Laan B J, van den Heiligenberg S M, Hemelaar M
Westfriesgasthuis, Hoorn.
Ned Tijdschr Geneeskd. 2016;160:D480.
Classical Meigs' syndrome consists of the triad of an ovarian fibroma, ascites and pleural effusion. A characteristic of the syndrome is that the excess fluid is resorbed after surgical resection of the tumour.

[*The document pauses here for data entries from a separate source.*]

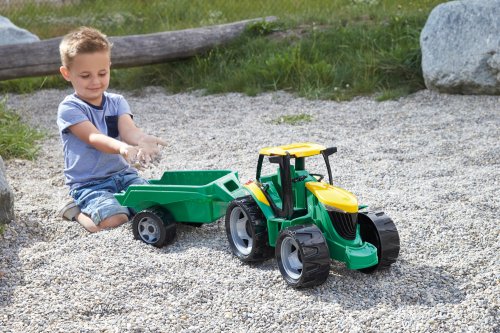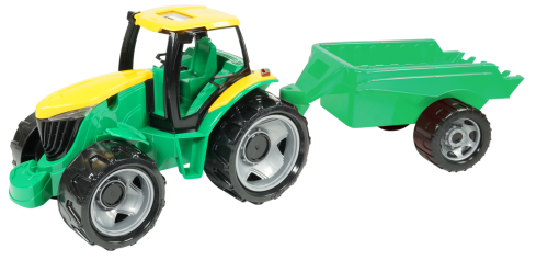 Kvalitne spracovaný traktor s moderným designom. Bol navrhnutý a vyrobený tak, aby zodpovedal požadovanému modernému vzhľadu, funkčnosti, odolnosti, kvalitnému spracovaniu, maximálnej hracej hodnote. Veľkosť 94x28x35cm. Vyrobené v SR.
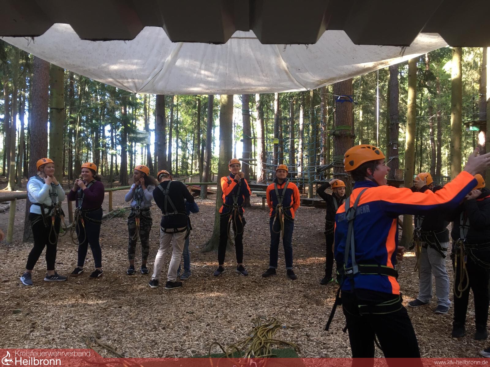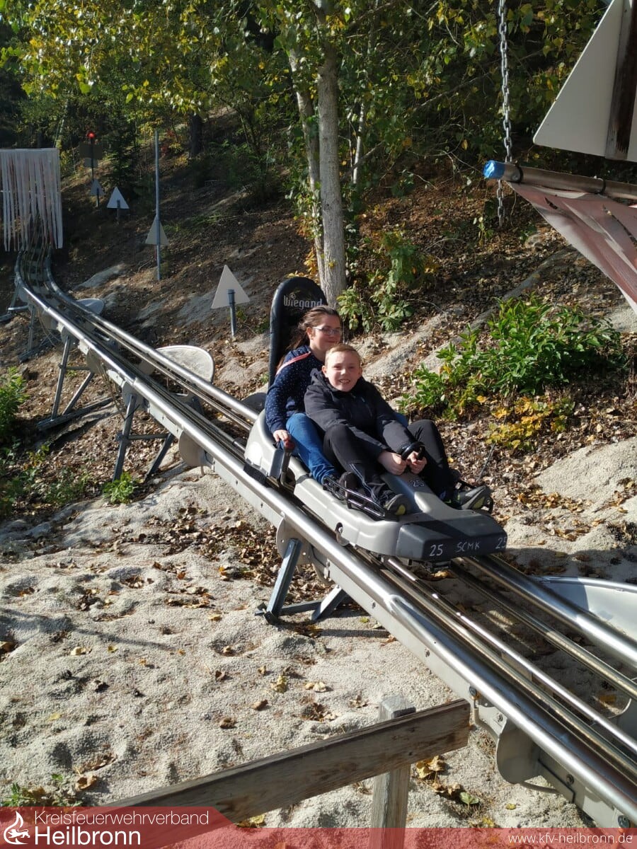 Abfahrt war noch vor Sonnenaufgang um sieben Uhr am Gerätehaus in Gemmingen mit dem Bus. Entsprechend groß war die Müdigkeit der 18 Jugendlichen, jedoch legte sich diese ziemlich zügig. Nach einer kleinen Stärkung auf einem Rastplatz bei Wurst, Brezel und Getränk wurde der Freizeitpark gegen elf Uhr erreicht, wo zuerst der Waldklettergarten in Angriff genommen wurde. In mehreren Gruppen meisterten die Jugendlichen die unterschiedlich schweren Parcours und wuchsen über sich hinaus. Teamarbeit war dabei oberstes Gebot, doch auch die gute Laune kam dabei nicht zu kurz, da jede Menge miteinander gelacht wurde.
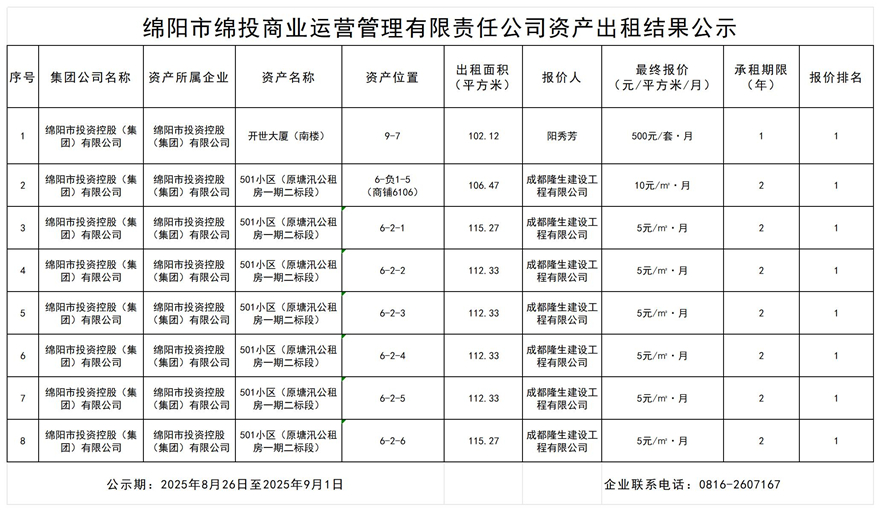 绵阳市BB电子·(china)有限公司官网商业运营治理有限责任公司资产出租效果公示
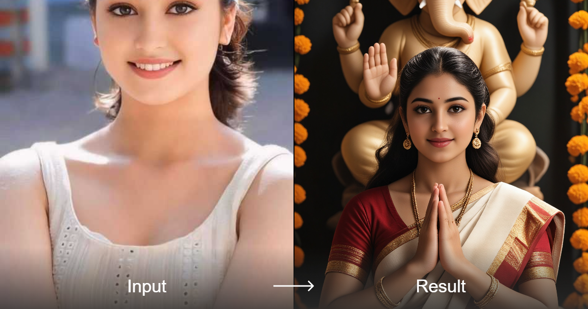 Transform your imagination into a vivid 3D cartoon portrait of an Indian woman in traditional attire, praying before a Ganesha idol with detailed realism.
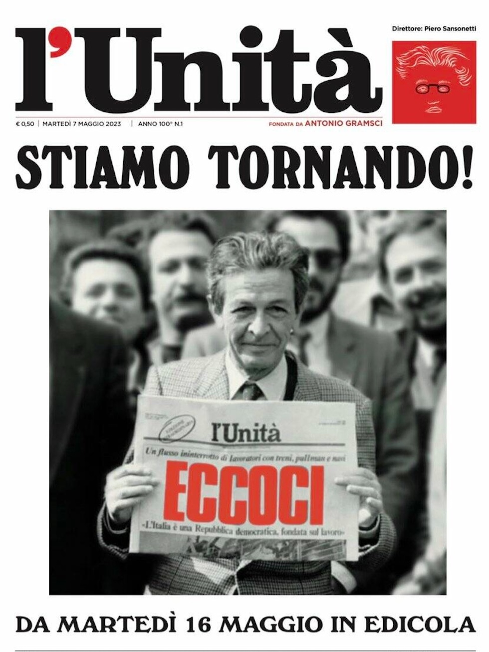 Per promuovere il suo ritorno, l’Unità ha usato in questi giorni una fotografia scattata nel 1984 a Enrico Berlinguer, segretario del Partito Comunista Italiano, alcuni giorni prima della sua morte in seguito a un malore durante un comizio. Nella foto c’è Berlinguer con in mano una copia dell’Unità, allora ancora direttamente legata al suo partito, e con il grande titolo “Eccoci”.

A 49-year-old woman was admitted to accident and emergency department in a neglected, cachectic and hypothermic condition. A CT scan revealed an ovarian tumour, ascites and a right-sided pleural effusion. The level of the tumour marker CA-125 was also greatly elevated. Our initial working diagnosis was, therefore, 'high-grade ovarian carcinoma', but on repeated testing no malignant cells were found in the aspirated fluid. We suspected Meigs' syndrome. We first ensured that her general and nutritional condition improved; then she underwent a bilateral adnexectomy. A fibrothecoma was found in each ovary. The ascites and pleural effusion resolved following surgery and the patient recovered well.
The clinical picture of Meigs' syndrome can resemble that of high-grade ovarian carcinoma. This syndrome should be included in the differential diagnosis in patients with an ovarian tumour, ascites and, possibly, pleural effusion.
经典的梅格斯综合征由卵巢纤维瘤、腹水和胸腔积液三联征组成。该综合征的一个特点是,肿瘤手术切除后多余的液体可被吸收。
一名49岁女性因被忽视、消瘦和体温过低而入住急诊部。CT扫描显示有卵巢肿瘤、腹水和右侧胸腔积液。肿瘤标志物CA-125水平也大幅升高。因此,我们最初的初步诊断是“高级别卵巢癌”,但反复检测发现抽吸液中未发现恶性细胞。我们怀疑是梅格斯综合征。我们首先确保她的一般状况和营养状况得到改善;然后她接受了双侧附件切除术。每个卵巢均发现纤维卵泡膜瘤。术后腹水和胸腔积液消退,患者恢复良好。
梅格斯综合征的临床表现可能类似于高级别卵巢癌。对于患有卵巢肿瘤、腹水以及可能伴有胸腔积液的患者,该综合征应列入鉴别诊断。